▶ **Saved data entries**:
====

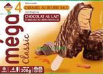 Méga Classique – 4 Bâtonnets Caramel au beurre salé enrobage au chocolat au lait et brisures de crêpes dentelle – 308g / 400 ml – Leader Price
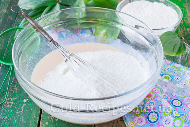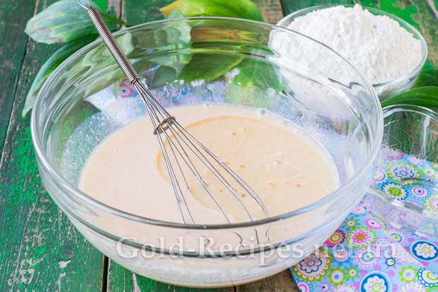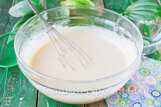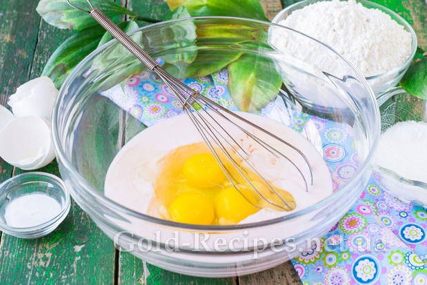 У глибокій піалі з’єднаємо фруктовий питний йогурт, соду і 3 курячих яйця. Ретельно перемішаємо суміш вінчиком, домагаючись однорідної консистенції.
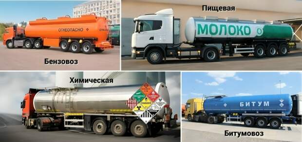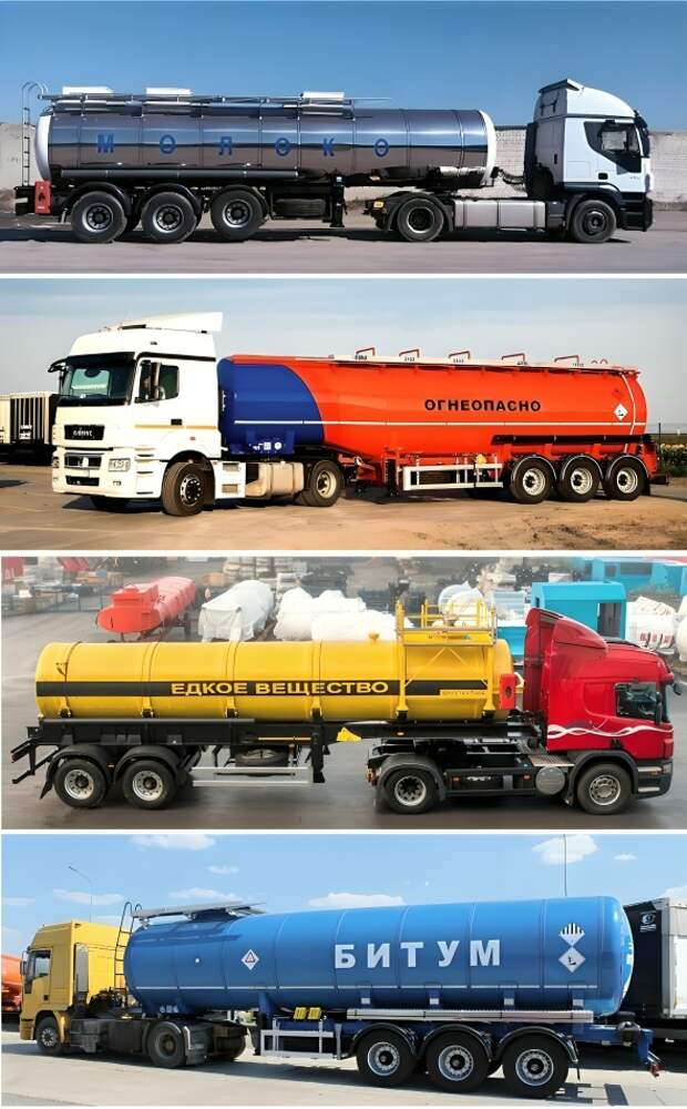 - Автоцистерны. Объем 20-40 м³, материалы — алюминий, сталь. Виды: изотермические (для пищевых), с подогревом (для битума), многосекционные. Допускаются 4- или 8-осные модели.
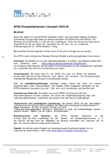 Die Campus-Lizenz des Statistikprogrammpakets SPSS der Firma IBM darf sowohl an Instituts- als auch an häuslichen Geräten für nicht kommerzielle Forschung und Lehre benutzt werden.
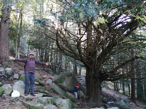 Excepcional ejemplar de tejo, pero si lo visitamos hay que respetarlo y respetar su entorno. Por favor ir en silencio, no pisar demasiado en su alrededor, solo por las rocas que lo rodean y por supuesto no dejar ninguna basura o residuos. Lo mejor es no comer nada en sus inmediaciones. Y muy importante también, no tirar cenizas de nadie y menos aún dejar urnas funerarias ni flores de ningún tipo, ni poner placas de nadie. Esas cosas están penadas por las leyes, además de ser ilegales, es el peor homenaje que podemos hacer tanto al finado como a los árboles. También las autoridades deberían impedir la realización de rallys y carreras de vehículos en este Puerto, la fragilidad de estos bosques no es compatible con semejantes actividades. Se ruega respeto máximo a estos monumentos naturales, si de verdad tenemos admiración por ellos y queremos que dure mil años más. Deberían incluir estos lugares en el Parque Nacional de la Sierra...
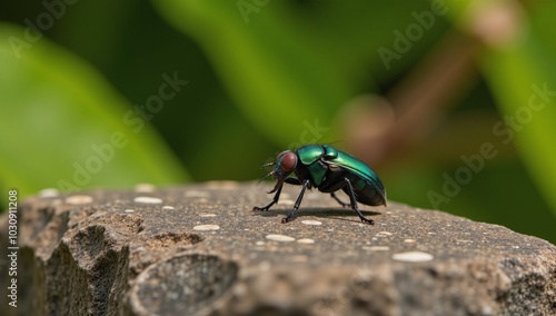 Fototapeta premium A vibrant illustration of an emerald-green fly beetle perched on a rock amidst a natural setting
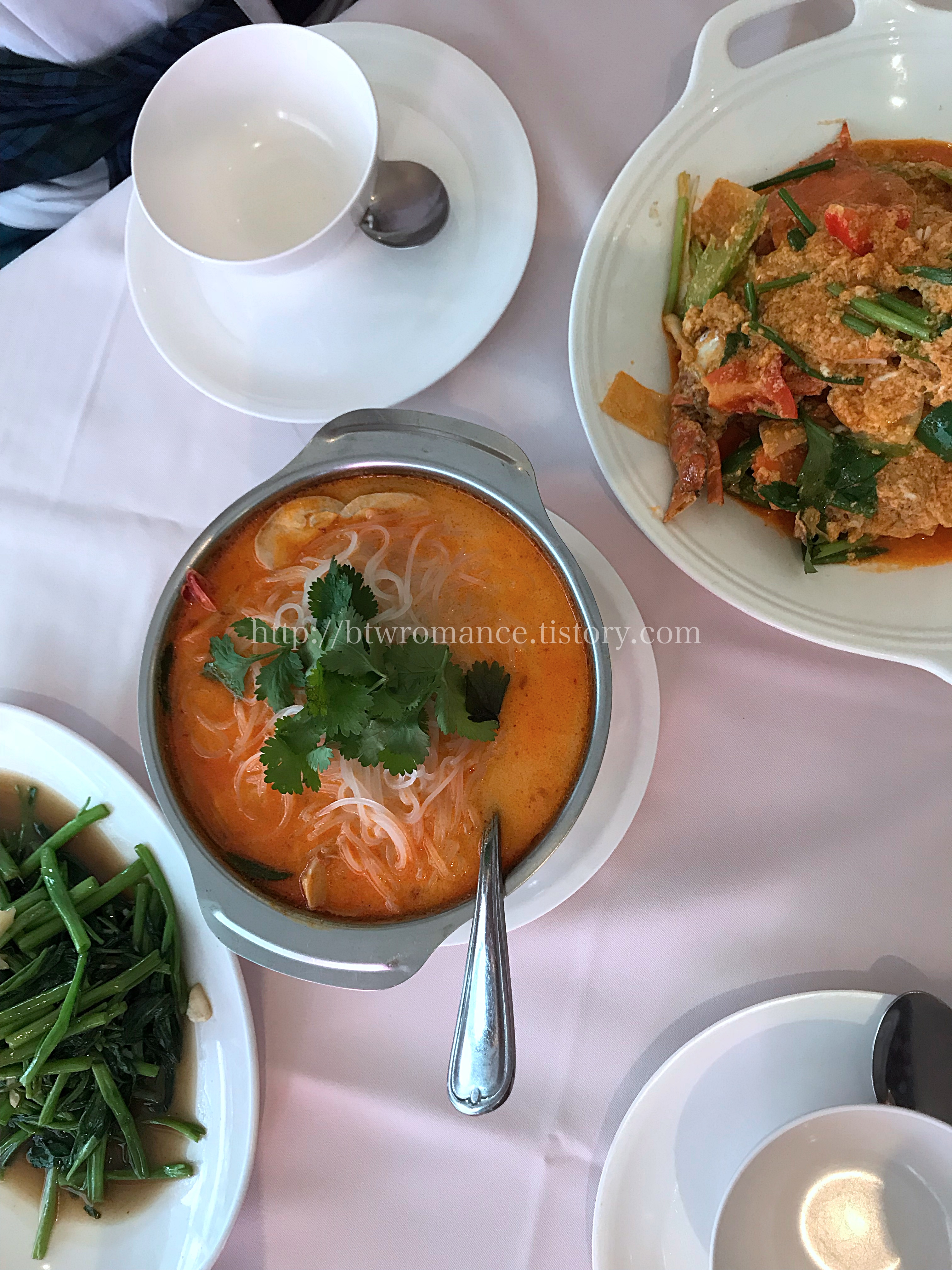 오늘은 볶음밥과, 똠양꿍+누들 공심채, 뿌빳뽕카리(게커리)를 먹었다.
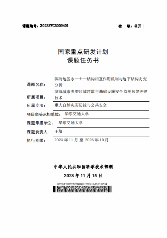 11月,科技部公示了国家重点研发计划“重大自然灾害防控与公共安全”重点专项2023年度项目。WilliamHill官网徐长节教授作为项目首席专家,牵头申报的国家重点研发计划重点专项“滨海城市典型区域建筑与基础设施安全监测预警关键技术”项目获批,项目任务书下达项目经费4155万元,其中中央财政专项资金1555万元。WilliamHill官网作为课题承担单位、智能机电装备创新研究院院长刘燕德教授为课题负责人主持申报的国家重点研发计划重点专项项目的直隶课题“蔬菜产地智能模块化分等分选关键技术与装备研发”获批立项,该直隶课题总经费1385万元,其中中央财政专项资金485万元。WilliamHill官网万怡灶教授作为课题负责人,主持申报的国家重点研发计划重点专项项目的直隶课题“形态仿生心瓣膜的构建及其功能化关键技术”成功获批,课题总经费290万元。
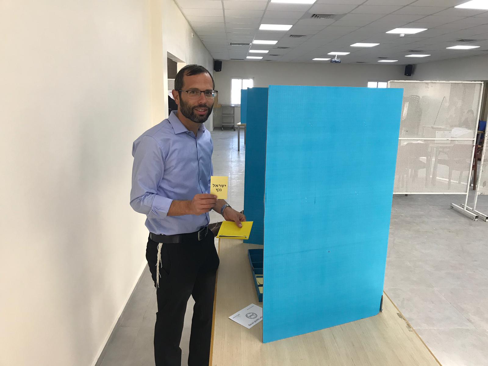 07:10: הח"כ הראשון להצביע מוטי יוגב, מהבית היהודי. תושב דולב במערב בנימין. ייבחר בין שילה אדלר לבין ישראל גנץ.

====

▶ **WHAT IS REQUIRED**: Retype only the lines from the line with "У глибокій піалі" through the last line of the data. Keep both ends and skip the pictures.

▶ **TASK RESULT**:
 У глибокій піалі з’єднаємо фруктовий питний йогурт, соду і 3 курячих яйця. Ретельно перемішаємо суміш вінчиком, домагаючись однорідної консистенції.
 - Автоцистерны. Объем 20-40 м³, материалы — алюминий, сталь. Виды: изотермические (для пищевых), с подогревом (для битума), многосекционные. Допускаются 4- или 8-осные модели.
 Die Campus-Lizenz des Statistikprogrammpakets SPSS der Firma IBM darf sowohl an Instituts- als auch an häuslichen Geräten für nicht kommerzielle Forschung und Lehre benutzt werden.
 Excepcional ejemplar de tejo, pero si lo visitamos hay que respetarlo y respetar su entorno. Por favor ir en silencio, no pisar demasiado en su alrededor, solo por las rocas que lo rodean y por supuesto no dejar ninguna basura o residuos. Lo mejor es no comer nada en sus inmediaciones. Y muy importante también, no tirar cenizas de nadie y menos aún dejar urnas funerarias ni flores de ningún tipo, ni poner placas de nadie. Esas cosas están penadas por las leyes, además de ser ilegales, es el peor homenaje que podemos hacer tanto al finado como a los árboles. También las autoridades deberían impedir la realización de rallys y carreras de vehículos en este Puerto, la fragilidad de estos bosques no es compatible con semejantes actividades. Se ruega respeto máximo a estos monumentos naturales, si de verdad tenemos admiración por ellos y queremos que dure mil años más. Deberían incluir estos lugares en el Parque Nacional de la Sierra...
 Fototapeta premium A vibrant illustration of an emerald-green fly beetle perched on a rock amidst a natural setting
 오늘은 볶음밥과, 똠양꿍+누들 공심채, 뿌빳뽕카리(게커리)를 먹었다.
 11月,科技部公示了国家重点研发计划“重大自然灾害防控与公共安全”重点专项2023年度项目。WilliamHill官网徐长节教授作为项目首席专家,牵头申报的国家重点研发计划重点专项“滨海城市典型区域建筑与基础设施安全监测预警关键技术”项目获批,项目任务书下达项目经费4155万元,其中中央财政专项资金1555万元。WilliamHill官网作为课题承担单位、智能机电装备创新研究院院长刘燕德教授为课题负责人主持申报的国家重点研发计划重点专项项目的直隶课题“蔬菜产地智能模块化分等分选关键技术与装备研发”获批立项,该直隶课题总经费1385万元,其中中央财政专项资金485万元。WilliamHill官网万怡灶教授作为课题负责人,主持申报的国家重点研发计划重点专项项目的直隶课题“形态仿生心瓣膜的构建及其功能化关键技术”成功获批,课题总经费290万元。
 07:10: הח"כ הראשון להצביע מוטי יוגב, מהבית היהודי. תושב דולב במערב בנימין. ייבחר בין שילה אדלר לבין ישראל גנץ.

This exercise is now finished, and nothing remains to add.